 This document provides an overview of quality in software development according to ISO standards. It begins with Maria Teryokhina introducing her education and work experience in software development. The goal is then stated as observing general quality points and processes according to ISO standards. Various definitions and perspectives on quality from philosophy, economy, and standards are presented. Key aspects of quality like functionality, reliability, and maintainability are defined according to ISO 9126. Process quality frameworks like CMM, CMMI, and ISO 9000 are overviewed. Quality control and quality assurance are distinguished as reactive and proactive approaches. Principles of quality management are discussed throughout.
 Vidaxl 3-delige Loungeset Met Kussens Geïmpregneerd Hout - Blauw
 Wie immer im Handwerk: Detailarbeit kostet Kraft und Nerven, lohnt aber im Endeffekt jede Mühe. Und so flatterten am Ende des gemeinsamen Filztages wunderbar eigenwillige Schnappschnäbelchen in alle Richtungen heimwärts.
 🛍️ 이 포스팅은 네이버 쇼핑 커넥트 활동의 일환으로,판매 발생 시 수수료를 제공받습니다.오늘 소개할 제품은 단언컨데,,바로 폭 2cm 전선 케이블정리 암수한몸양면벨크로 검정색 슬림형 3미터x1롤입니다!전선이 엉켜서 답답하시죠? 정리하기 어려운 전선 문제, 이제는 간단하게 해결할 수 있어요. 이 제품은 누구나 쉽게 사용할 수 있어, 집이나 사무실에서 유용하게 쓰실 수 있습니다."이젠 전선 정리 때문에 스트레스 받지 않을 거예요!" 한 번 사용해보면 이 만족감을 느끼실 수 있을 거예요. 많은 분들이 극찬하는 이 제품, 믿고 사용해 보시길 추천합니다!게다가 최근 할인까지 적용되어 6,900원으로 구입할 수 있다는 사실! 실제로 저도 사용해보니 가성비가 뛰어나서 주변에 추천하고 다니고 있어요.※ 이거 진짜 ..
====================
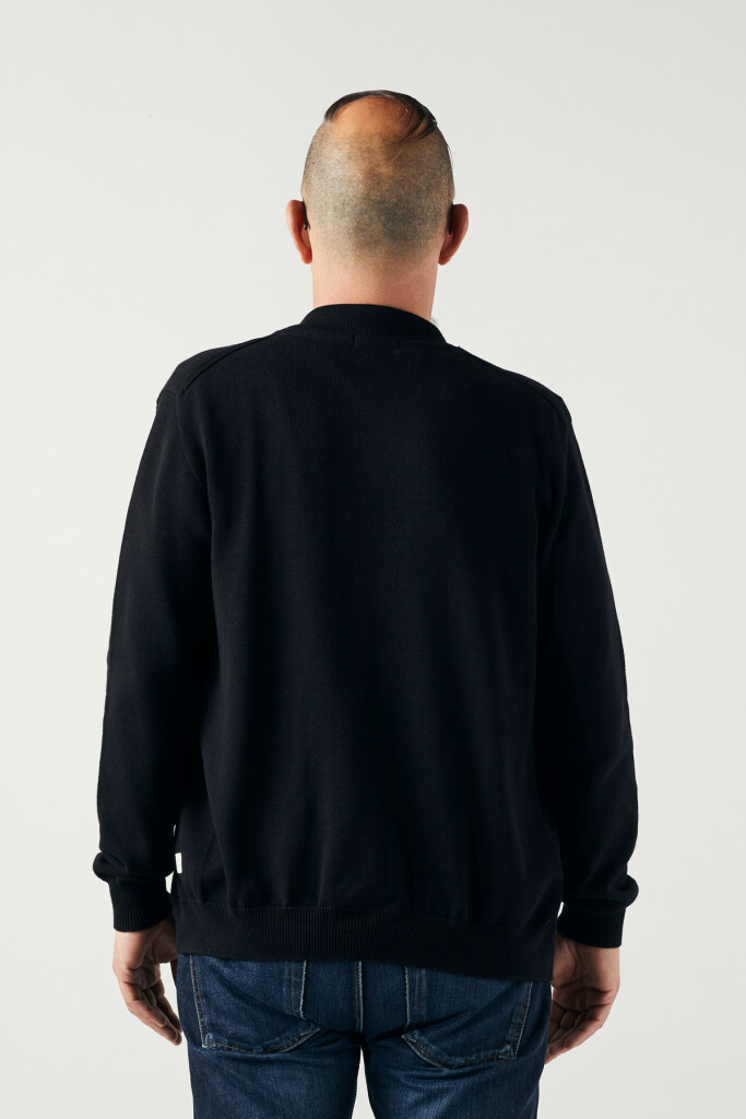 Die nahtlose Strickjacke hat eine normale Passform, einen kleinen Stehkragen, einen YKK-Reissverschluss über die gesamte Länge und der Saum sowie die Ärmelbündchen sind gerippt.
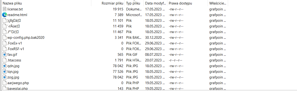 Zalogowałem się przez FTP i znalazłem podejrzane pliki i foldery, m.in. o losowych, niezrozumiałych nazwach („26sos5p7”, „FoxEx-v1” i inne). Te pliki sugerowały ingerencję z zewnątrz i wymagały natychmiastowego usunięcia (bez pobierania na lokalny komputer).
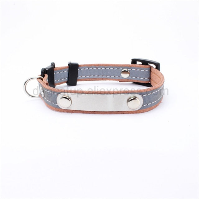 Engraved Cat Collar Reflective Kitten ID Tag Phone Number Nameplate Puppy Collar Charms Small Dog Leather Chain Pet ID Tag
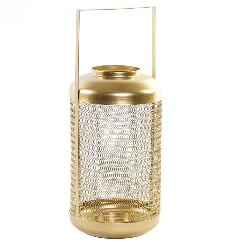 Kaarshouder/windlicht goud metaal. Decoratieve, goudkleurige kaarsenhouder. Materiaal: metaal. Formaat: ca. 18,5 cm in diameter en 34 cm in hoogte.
====================
WORK INSTRUCTION: A clean copy is needed of the lines above from the one with "Die nahtlose Strickjacke" up to and including the one with "Kaarshouder/windlicht goud metaal.". Please set it down exactly, with no pictures.

PROBLEM SOLUTION:
 Die nahtlose Strickjacke hat eine normale Passform, einen kleinen Stehkragen, einen YKK-Reissverschluss über die gesamte Länge und der Saum sowie die Ärmelbündchen sind gerippt.
 Zalogowałem się przez FTP i znalazłem podejrzane pliki i foldery, m.in. o losowych, niezrozumiałych nazwach („26sos5p7”, „FoxEx-v1” i inne). Te pliki sugerowały ingerencję z zewnątrz i wymagały natychmiastowego usunięcia (bez pobierania na lokalny komputer).
 Engraved Cat Collar Reflective Kitten ID Tag Phone Number Nameplate Puppy Collar Charms Small Dog Leather Chain Pet ID Tag
 Kaarshouder/windlicht goud metaal. Decoratieve, goudkleurige kaarsenhouder. Materiaal: metaal. Formaat: ca. 18,5 cm in diameter en 34 cm in hoogte.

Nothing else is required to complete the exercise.